VOL. 125 | NO. 75 | Monday, April 19, 2010
A story from The Memphis News

On newsstands throughout the city
Commission Races Hinge on Public Issues
By Bill Dries
WHAT DOES THE COUNTY COMMISSION DO?
Next month the Shelby County Commission will mark an anniversary.
May 1 will make 190 years since the Shelby County Quarterly Court met for the first time.
The old court with members who were called squires was the predecessor to the commission, which is the legislative body for Shelby County government.
Its powers and relationship with the office of county mayor make the 13 members more powerful than their counterparts on the Memphis City Council.
Before the 1975 restructuring of county government that created the office of county mayor, the chairman of the old quarterly court functioned as a county executive, performing the administrative duties of county government.
The chairman of the commission no longer has those duties, but the mayor’s office does.
The 13 county commissioners are elected from five districts that cover all of Shelby County.

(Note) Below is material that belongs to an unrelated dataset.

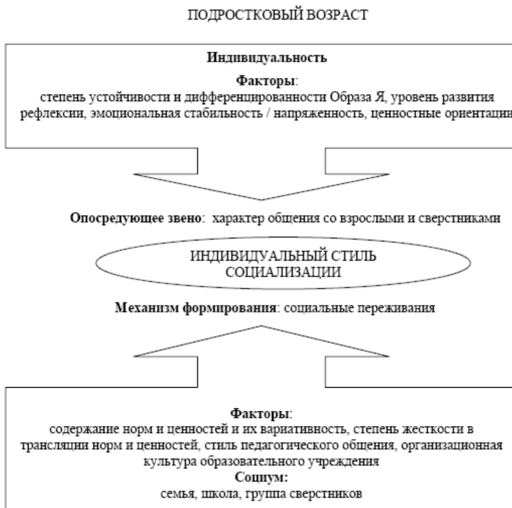
Рис. 3. Модель формирования индивидуального стиля социализации у детей и подростков: подростковый возраст.

Four of the districts have three positions each. District 5 is the only exception. It is smaller and has one representative.
The commission has a chairman who serves a one-year term. The concept is for every commissioner who wants a turn at serving as chairman to get a turn.
Not all commissioners want the job, though, and some attempt to serve several terms as chairman.
Like most other matters on the commission, it is possible with seven votes.
The commission’s agenda consists of zoning matters, appointments to boards and commissions, resolutions and ordinances.
Through those, the County Commission sets the county property tax rate, approves a county budget and approves the expenditures of taxpayer money.
The resolutions and ordinances get most of the attention.
A resolution states the intent of the commission.
Resolutions are often used to express the body's sentiment on matters it does not have a direct voice in, such as certain proposals before the Tennessee Legislature.
An ordinance is a policy of county government. Unlike a resolution, which is voted on once, an ordinance must win approval on each of three readings or votes.
If an ordinance is significantly amended on the second or third reading, the final vote is delayed to give commissioners time to consider the change.
The commission meets twice a month and meetings usually run about an hour or two with a light agenda – four hours or so if a lot is going on.
Two issues figure in to the 11 competitive races for the Shelby County Commission – the future of the Regional Medical Center and local government consolidation.
Any push card for a credible candidate includes either something about how to save The MED or the candidate’s opposition to consolidation – or both.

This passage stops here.